A small Python utility for calculating statistics per genome position based on pileups from a SAM or BAM file.
Project description
pysamstats
==========
A small Python utility for calculating statistics per genome position
based on pileups from a SAM or BAM file.
* Source: https://gihub.com/alimanfoo/pysamstats
* Download: http://pypi.python.org/pypi/pysamstats (TODO)
Installation
------------
```
$ pip install pysamstats
```
N.B., pysamstats depends on [pysam](http://code.google.com/p/pysam/)
and [numpy](http://www.numpy.org/).
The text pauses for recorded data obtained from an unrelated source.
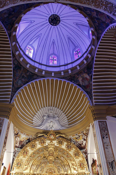 Exteriormente se advierte la estructura del templo con el escalonamiento de las naves y la cruz latina, de nave, crucero y presbiterio elevada sobre el resto, coronada a su vez por el cimborrio octogonal con un vano de medio punto en cada lado.
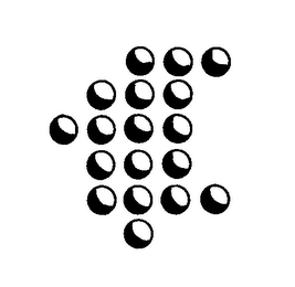 The mark consists of A collection of eighteen individual circles on six lines. The first line encompasses 3 circles; second line- 3 circles; third line 4 circles; fourth line 3 circles; fifth line 4 circles and final line l circle. The last circle of the second, third and fourth line is under the second circle of the first line. The last circle of the fifth line is under the last circle of the first line. The circle on the last line (sixth line) is under the first circle on the first line..
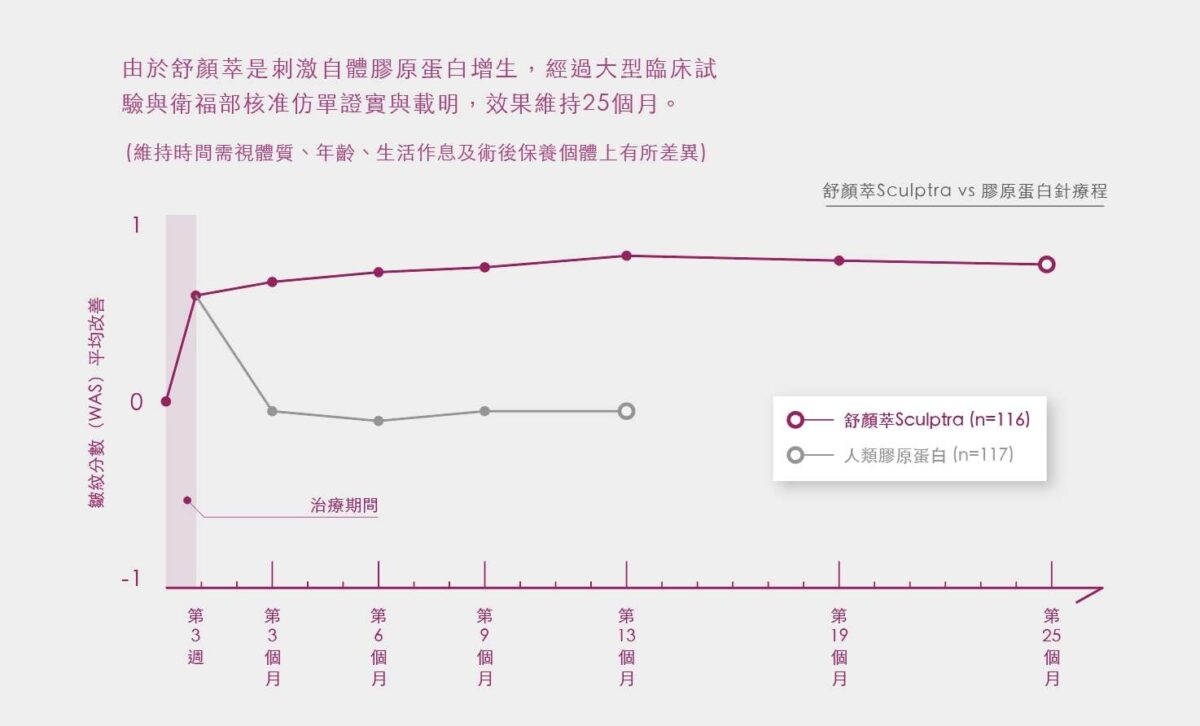 聚左旋乳酸Sculptra 舒顏萃依照個人肌膚凹陷狀況,建議次數為1至3次,每次需間隔一個月,治療後約在一個月內會有豐潤緊實的感覺,膠原蛋白的增生將會持續六個月以上,經科學研究證實維持效果長達25個月,施打數次後即會使豐潤效果更加明顯。
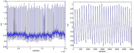 ECG and PPG signals were used for testing the algorithms, as shown in Figure 1. The ECG signal (sampling frequency of 360 Hz) was obtained from the MIT-BIH Arrhythmia Database [], while the PPG signal (sampling frequency of 367 Hz) was obtained from the Heat Stress PPG Database [].
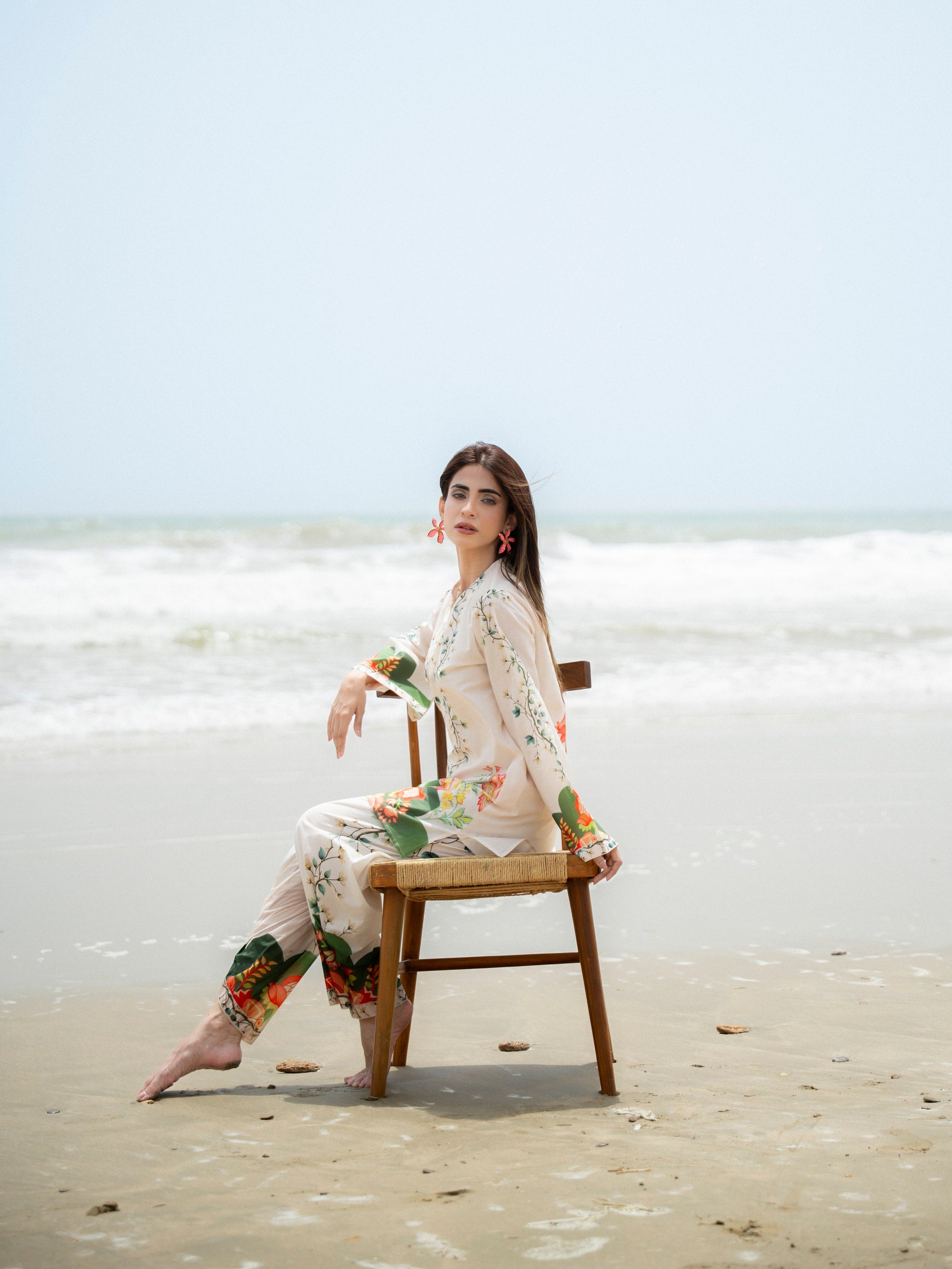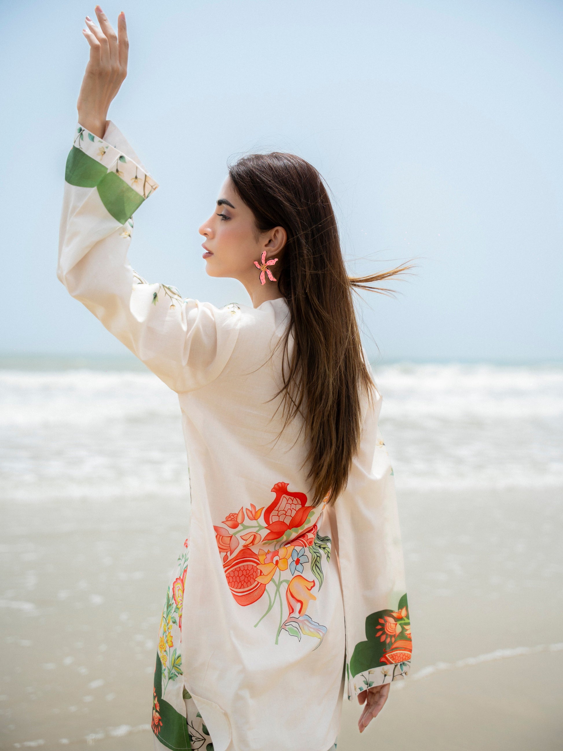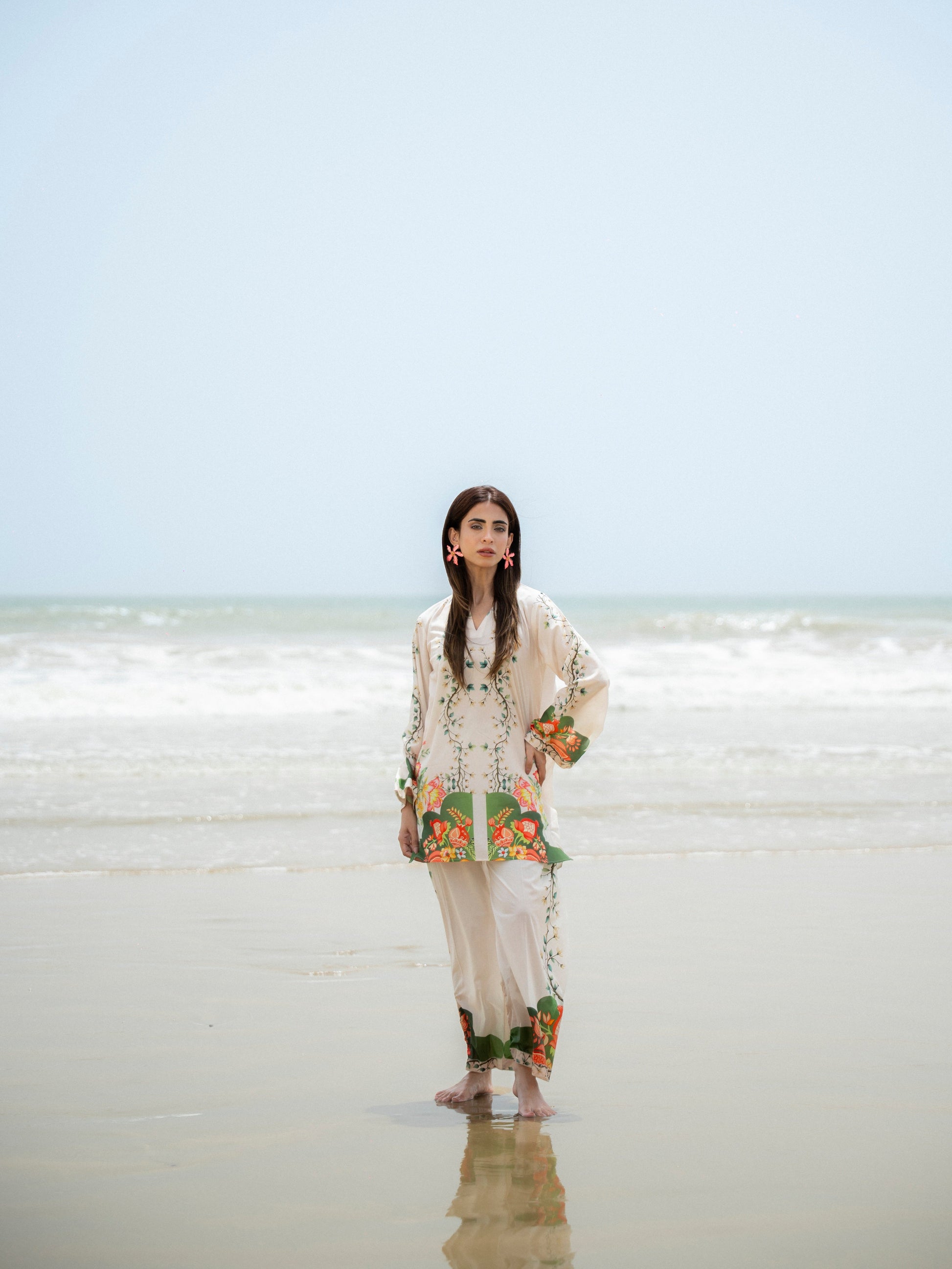 a gentle whisper of nature—floraé celebrates botanical elegance with a fresh palette of cream, green, and coral blooms. this lightweight two-piece set flows with ease and grace, making it perfect for sandy footprints, salty breezes, and effortless style.
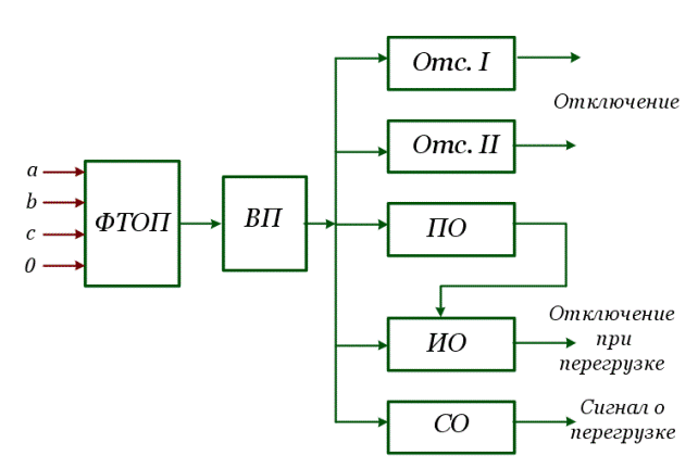 Четырехступенчатая токовая защита обратной последовательности включает в себя две отсечки, сигнальный, пусковой и интегральные органы (Рис. 5.5). Информация о токе с выхода фильтра токов обратной последовательности ФТОП через входные преобразователи ВП подается в схему. Чувствительная отсечка I предназначена для дальнего резервирования, грубая отсечка II – для ближнего резервирования, интегральный орган ИО – для защиты генератора от перегрузки токами обратной последовательности, сигнальный орган СО – для сигнализации о возникновении несимметричной перегрузки.
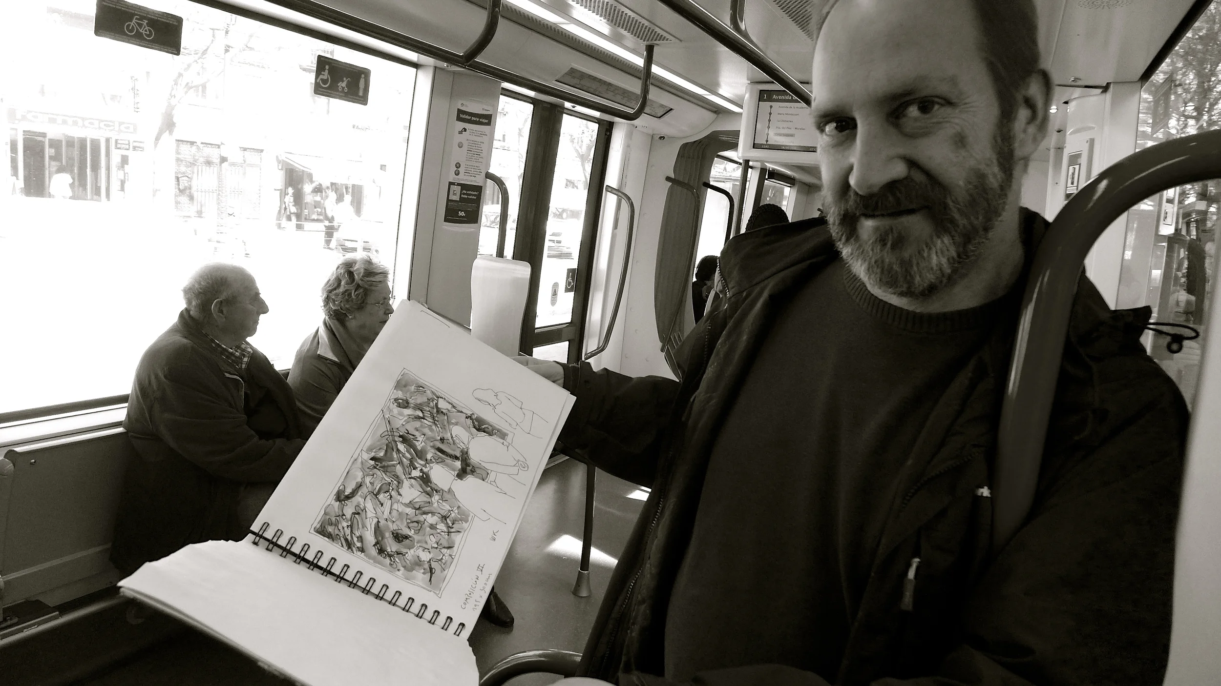Coincido con Fernando Bayo en el bus. Lleva su bloc de dibujos. Los colgará luego en su blog:
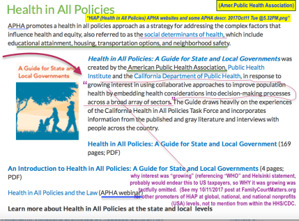 Searching my desktop (vs. this blog) shows that in May/June 2017, having discovered this HiAP, I was deeply concerned about it. One of those folders involves a nonprofit “Prevention Institute” in Oakland, California, which was promoting HiAP policies and (says folder label) working alongside the very large PHI (Public Health Institute, also in Oakland and often-cited as partnering with the State of California “Strategic Growth Council” in HiAP matters. That PHI is doing so is mentioned also on the American Public Health Association (APHA.org) website, too. It’s credited in the state HiAP “FAQs” sheet too.
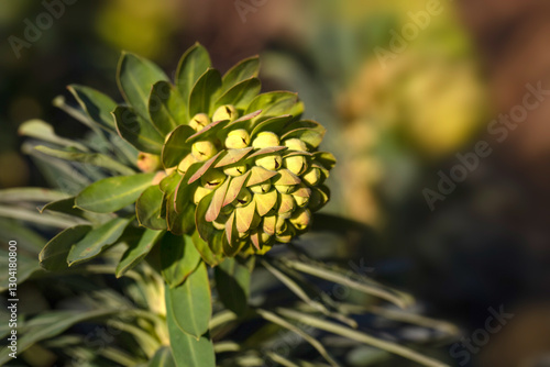 Fototapeta premium Closeup of flowers of Euphorbia characias subsp. wulfenii in a garden in...
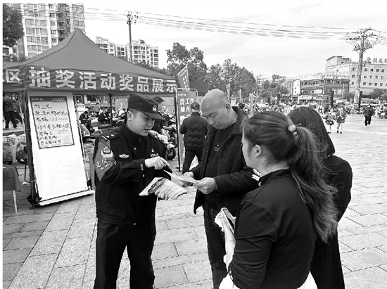 2月19日,温州龙湾公安星海派出所民警李康德来到置信广场人才招聘会上,向群众发放防诈骗资料、讲解各类诈骗案例,提醒大家找工作也要提高警惕,捂牢自己的钱袋子。 通讯员 张若克 摄
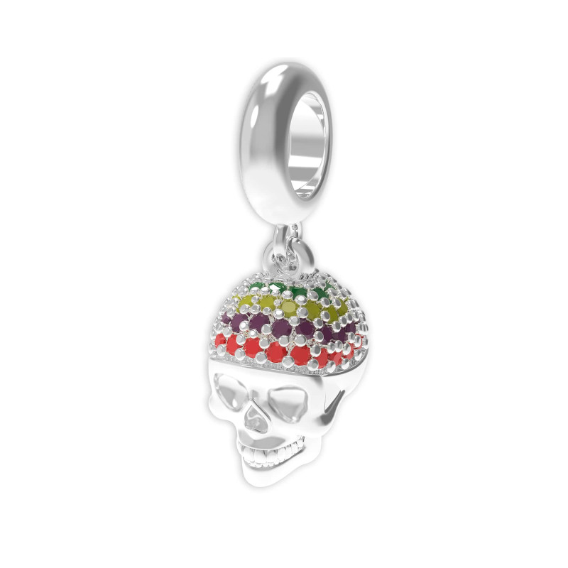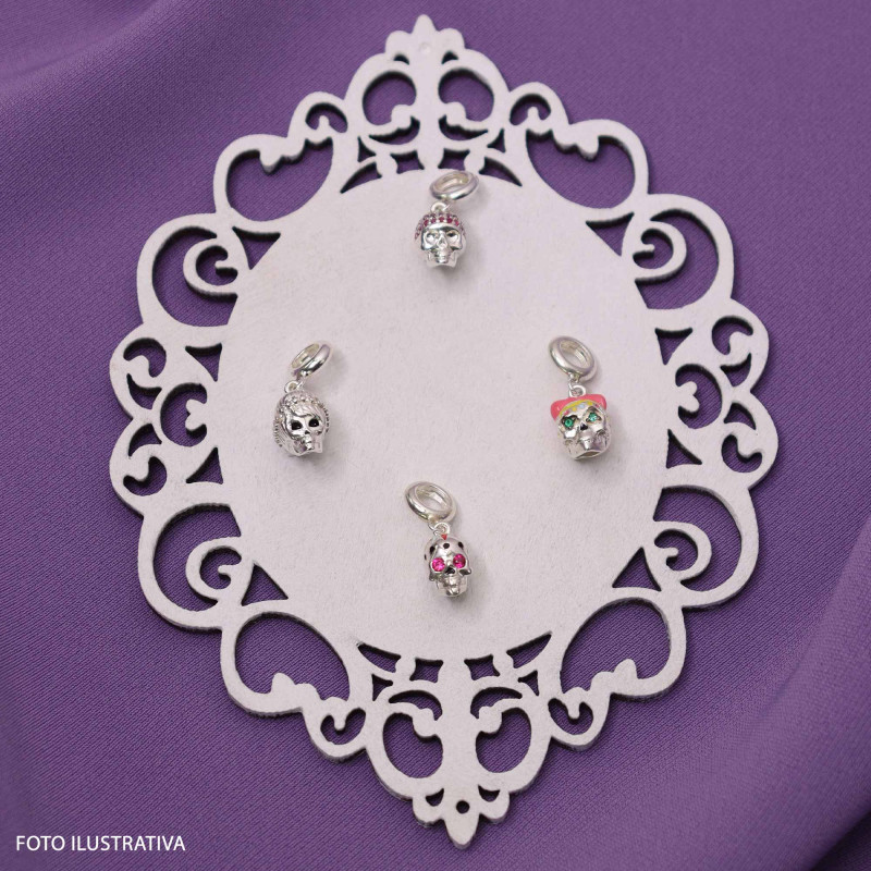 Berloque de Prata La Catrina Caveira Mila com Zircônias
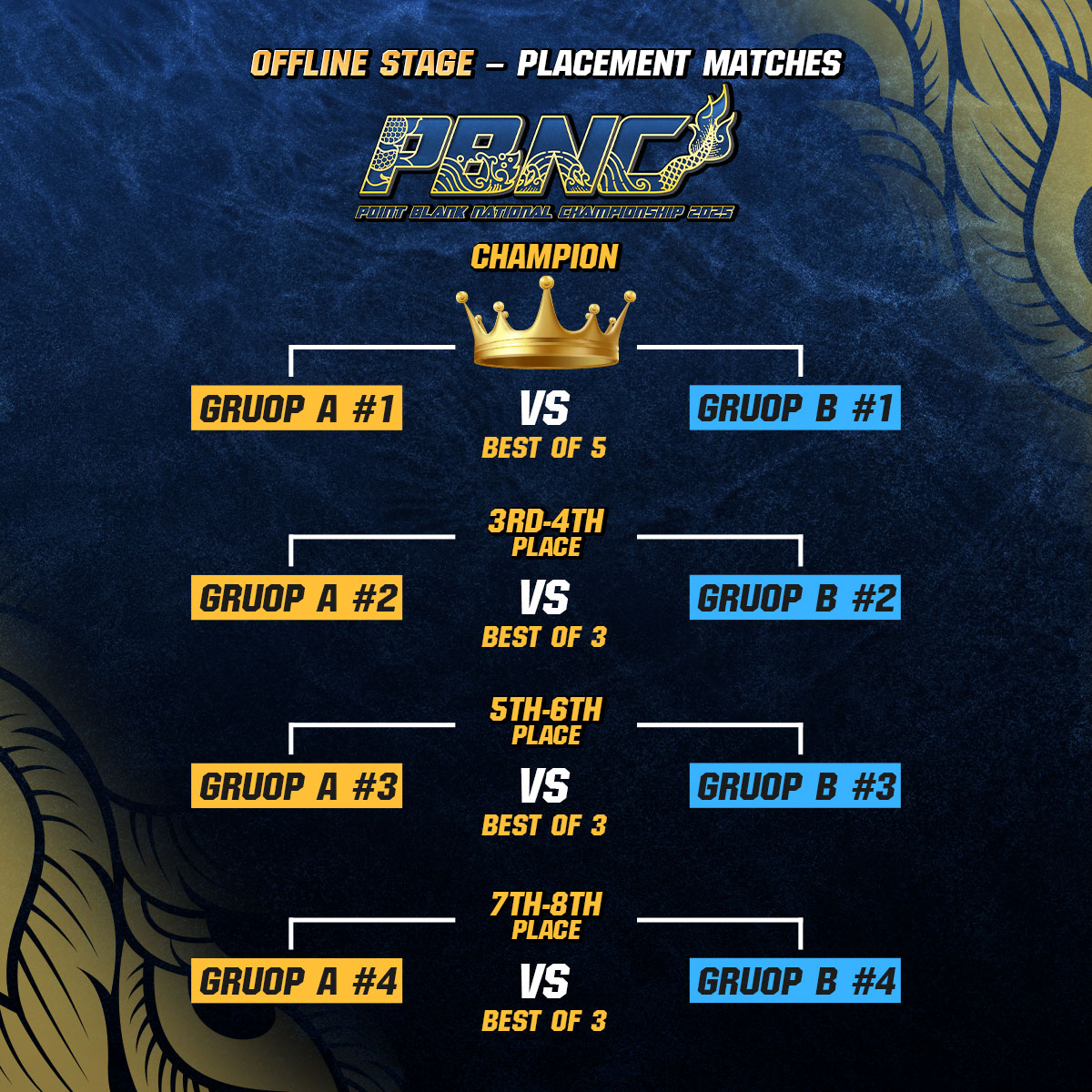 เมื่อจบรอบ Group Stage ทั้งสองกลุ่ม (Group A และ Group B) - จะเข้าสู่การแข่งขัน รอบออฟไลน์ เพื่อชิงอันดับกันอย่างเป็นทางการ
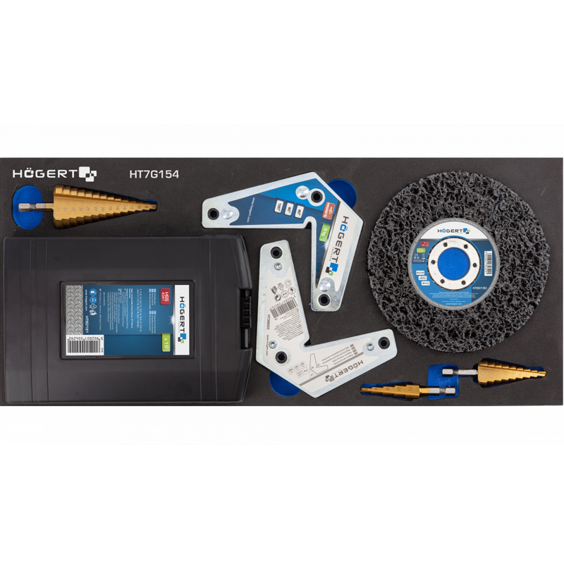 - комплект із двох Г-подібних магнітних зварювальних тримачів для підтримки металевих листів, труб і стрижнів, що піддаються зварювальній обробці, масою до 9 кг;
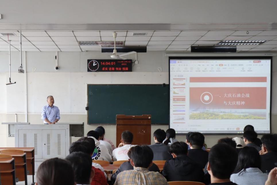 中国石油工业的发展,一个又一个的辉煌都是在“苦干实干”的基石上拼搏而来。“有条件要上,没有条件创造条件也要上”,在讲到铁人王进喜甘于吃苦、直面困难的事迹时,叶经理鼓励同学们要发扬“学铁人、做铁人”的精神,加大科研攻关力度,增强干事创业敢担当的本领,扎根人民,奉献国家,做新时代的“脊梁”。
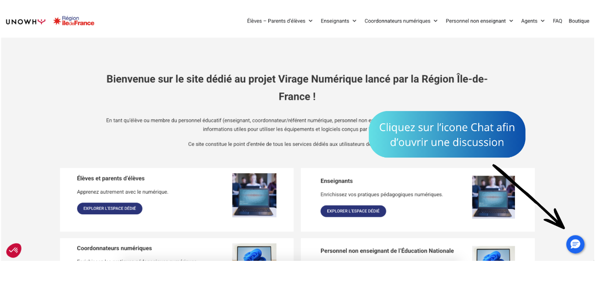 Etape 2 : Contact avec le support chat Unowhy
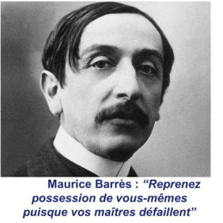 L’idée nationaliste est apparue en France, avec Maurice Barrès, dans un contexte très particulier, au lendemain de l’échec du boulangisme, celui qu’on appelait le général Revanche. De ce mouvement qui prétendait dépasser le clivage entre la droite et la gauche, largement soutenu par la duchesse d’Uzès et les survivants du bonapartisme, Barrès expliqua qu’il échoua faute d’une doctrine.

These *should* be install
automatically if you run the command above, but if you have any
problems, you might try installing pysam and numpy separately first.
Alternatively, clone the git repo and build in-place (requires
cython):
```
$ git clone git://github.com/alimanfoo/pysamstats.git
$ cd pysamstats
$ python setup_dev.py build_ext --inplace
```
Usage
-----
From the command line:
```
$ pysamstats --help
Usage: pysamstats [options] FILE
Calculate statistics per genome position based on pileups from a SAM or BAM
file and print them to stdout.
Options:
-h, --help show this help message and exit
-t TYPE, --type=TYPE type of statistics to print: coverage,
coverage_strand, coverage_ext, coverage_ext_strand,
coverage_normed, coverage_gc, coverage_normed_gc,
variation, variation_strand, tlen, tlen_strand, mapq,
mapq_strand, baseq, baseq_strand, baseq_ext,
baseq_ext_strand
-c CHROMOSOME, --chromosome=CHROMOSOME
chromosome name
-s START, --start=START
start position (1-based)
-e END, --end=END end position (1-based)
-z, --zero-based use zero-based coordinates (default is false, i.e.,
use one-based coords)
-f FASTA, --fasta=FASTA
reference sequence file, only required for some
statistics
--gc-window-length=N size of window to use for %GC calculations [300]
--gc-window-offset=N window offset to use for deciding which genome
position to report %GC calculations against [150]
-o, --omit-header omit header row from output
-p N, --progress=N report progress every N rows
Supported statistics types:
* coverage - number of reads aligned to each genome position
(total and properly paired)
* coverage_strand - as coverage but with forward/reverse strand counts
* coverage_ext - various additional coverage metrics, including
coverage for reads not properly paired (mate
unmapped, mate on other chromosome, ...)
* coverage_ext_strand - as coverage_ext but with forward/reverse strand counts
* coverage_normed - depth of coverage normalised by median or mean
* coverage_gc - as coverage but also includes a column for %GC
* coverage_normed_gc - as coverage_normed but also includes columns for normalisation
by %GC
* variation - numbers of matches, mismatches, deletions,
insertions, etc.
* variation_strand - as variation but with forward/reverse strand counts
* tlen - insert size statistics
* tlen_strand - as tlen but with statistics by forward/reverse strand
* mapq - mapping quality statistics
* mapq_strand - as mapq but with statistics by forward/reverse strand
* baseq - baseq quality statistics
* baseq_strand - as baseq but with statistics by forward/reverse strand
* baseq_ext - extended base quality statistics, including qualities
of bases matching and mismatching reference
* baseq_ext_strand - as baseq_ext but with statistics by forward/reverse strand
Examples:
pysamstats --type coverage example.bam > example.coverage.txt
pysamstats --type coverage --chromosome Pf3D7_v3_01 --start 100000 --end 200000 example.bam > example.coverage.txt
```
From Python:
```python
import pysam
import pysamstats
mybam = pysam.Samfile('/path/to/your/bamfile.bam')
for rec in pysamstats.stat_coverage(mybam, chrom='Pf3D7_01_v3', start=10000, end=20000):
print rec['chrom'], rec['pos'], rec['reads_all'], rec['reads_pp']
...
```
==========
A small Python utility for calculating statistics per genome position
based on pileups from a SAM or BAM file.
* Source: https://gihub.com/alimanfoo/pysamstats
* Download: http://pypi.python.org/pypi/pysamstats (TODO)
Installation
------------
```
$ pip install pysamstats
```
N.B., pysamstats depends on [pysam](http://code.google.com/p/pysam/)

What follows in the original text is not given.